# Problem to work on
Could you give back every record below exactly, leaving out the pictures?

Records from a dataset:

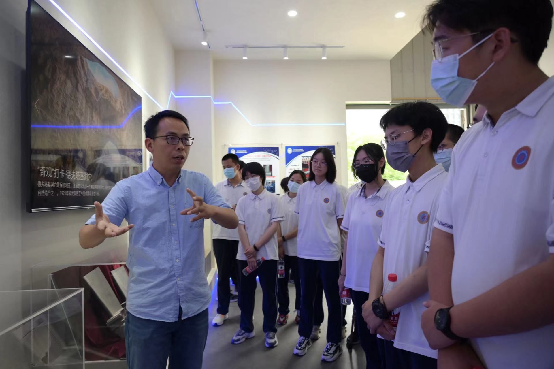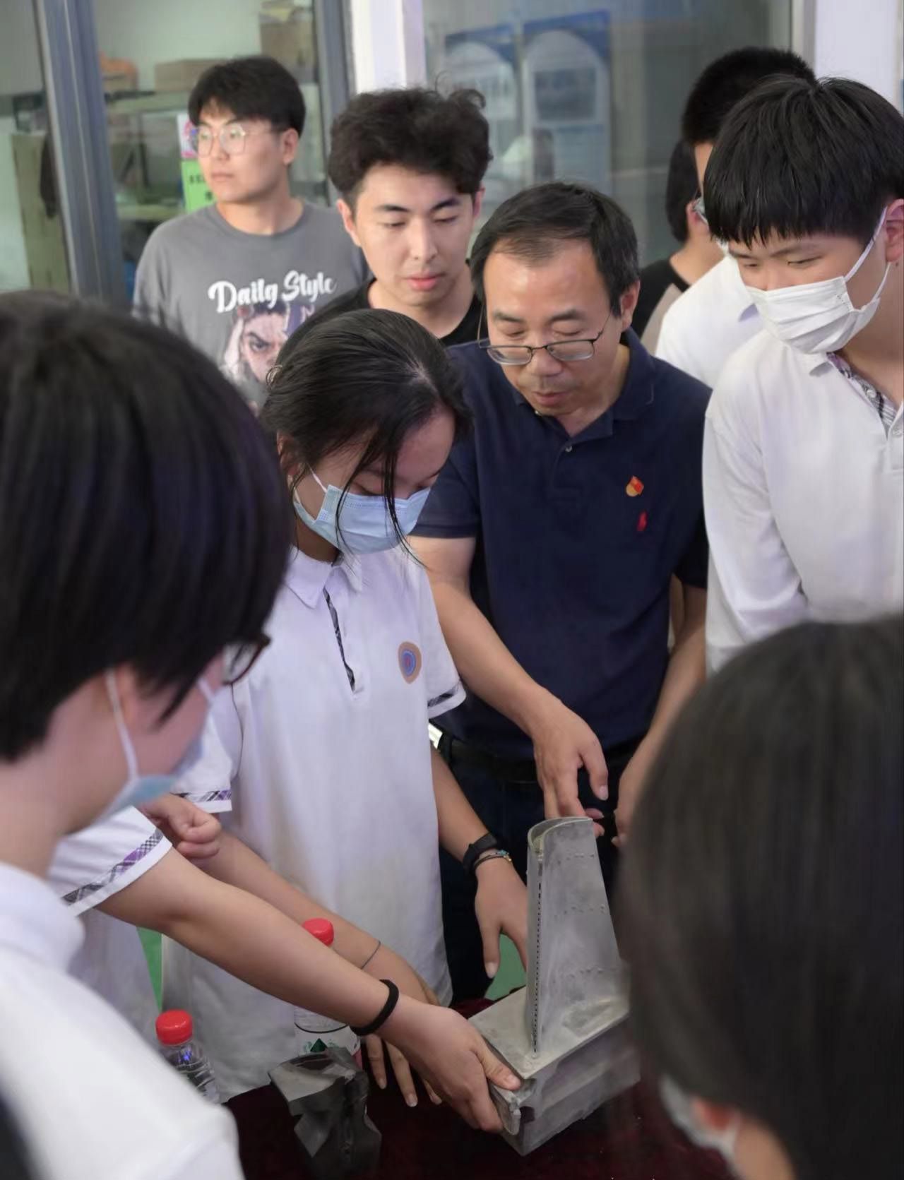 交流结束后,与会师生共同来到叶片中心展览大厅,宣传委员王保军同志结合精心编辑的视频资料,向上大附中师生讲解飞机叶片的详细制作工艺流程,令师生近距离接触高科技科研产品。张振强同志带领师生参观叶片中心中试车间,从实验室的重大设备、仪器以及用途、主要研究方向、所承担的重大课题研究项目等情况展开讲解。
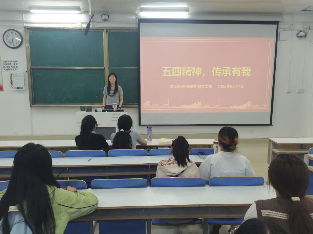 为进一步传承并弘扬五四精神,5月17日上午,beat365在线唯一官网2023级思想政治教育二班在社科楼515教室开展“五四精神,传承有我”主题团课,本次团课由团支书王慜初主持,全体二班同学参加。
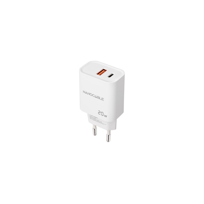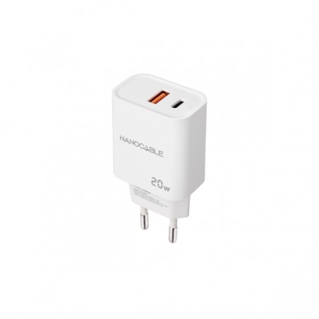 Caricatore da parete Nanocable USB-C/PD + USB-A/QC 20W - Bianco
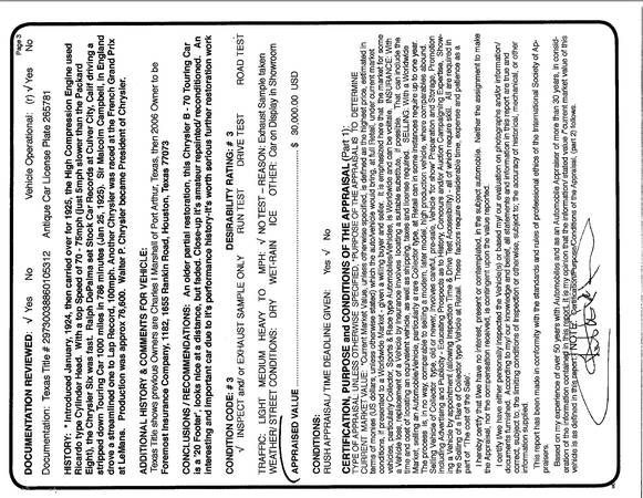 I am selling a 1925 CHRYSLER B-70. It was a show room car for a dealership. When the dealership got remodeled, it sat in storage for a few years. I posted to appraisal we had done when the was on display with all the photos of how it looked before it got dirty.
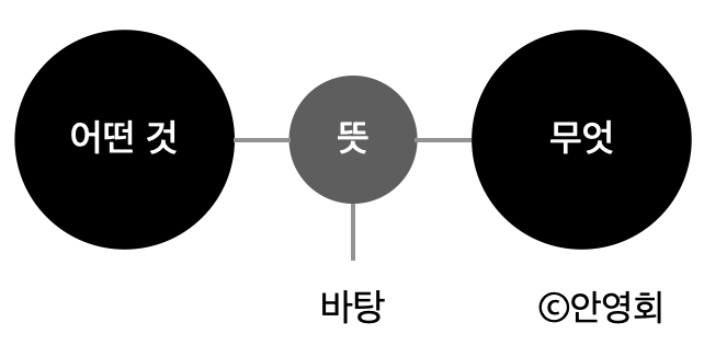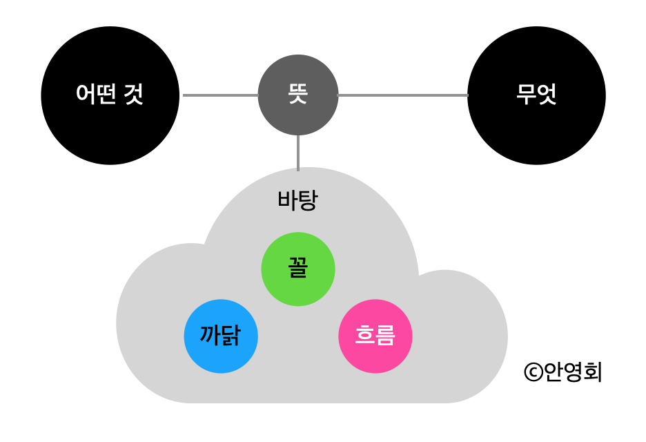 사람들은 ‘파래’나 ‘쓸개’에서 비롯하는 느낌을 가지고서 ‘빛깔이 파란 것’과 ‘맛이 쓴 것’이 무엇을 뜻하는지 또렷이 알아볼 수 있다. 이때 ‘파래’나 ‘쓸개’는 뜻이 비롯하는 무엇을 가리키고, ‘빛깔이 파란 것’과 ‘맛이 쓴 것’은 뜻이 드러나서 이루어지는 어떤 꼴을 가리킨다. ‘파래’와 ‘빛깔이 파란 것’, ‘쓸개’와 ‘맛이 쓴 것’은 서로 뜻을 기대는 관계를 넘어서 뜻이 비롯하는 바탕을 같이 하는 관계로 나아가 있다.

# Result of the exercise
 交流结束后,与会师生共同来到叶片中心展览大厅,宣传委员王保军同志结合精心编辑的视频资料,向上大附中师生讲解飞机叶片的详细制作工艺流程,令师生近距离接触高科技科研产品。张振强同志带领师生参观叶片中心中试车间,从实验室的重大设备、仪器以及用途、主要研究方向、所承担的重大课题研究项目等情况展开讲解。
 为进一步传承并弘扬五四精神,5月17日上午,beat365在线唯一官网2023级思想政治教育二班在社科楼515教室开展“五四精神,传承有我”主题团课,本次团课由团支书王慜初主持,全体二班同学参加。
 Caricatore da parete Nanocable USB-C/PD + USB-A/QC 20W - Bianco
 I am selling a 1925 CHRYSLER B-70. It was a show room car for a dealership. When the dealership got remodeled, it sat in storage for a few years. I posted to appraisal we had done when the was on display with all the photos of how it looked before it got dirty.
 사람들은 ‘파래’나 ‘쓸개’에서 비롯하는 느낌을 가지고서 ‘빛깔이 파란 것’과 ‘맛이 쓴 것’이 무엇을 뜻하는지 또렷이 알아볼 수 있다. 이때 ‘파래’나 ‘쓸개’는 뜻이 비롯하는 무엇을 가리키고, ‘빛깔이 파란 것’과 ‘맛이 쓴 것’은 뜻이 드러나서 이루어지는 어떤 꼴을 가리킨다. ‘파래’와 ‘빛깔이 파란 것’, ‘쓸개’와 ‘맛이 쓴 것’은 서로 뜻을 기대는 관계를 넘어서 뜻이 비롯하는 바탕을 같이 하는 관계로 나아가 있다.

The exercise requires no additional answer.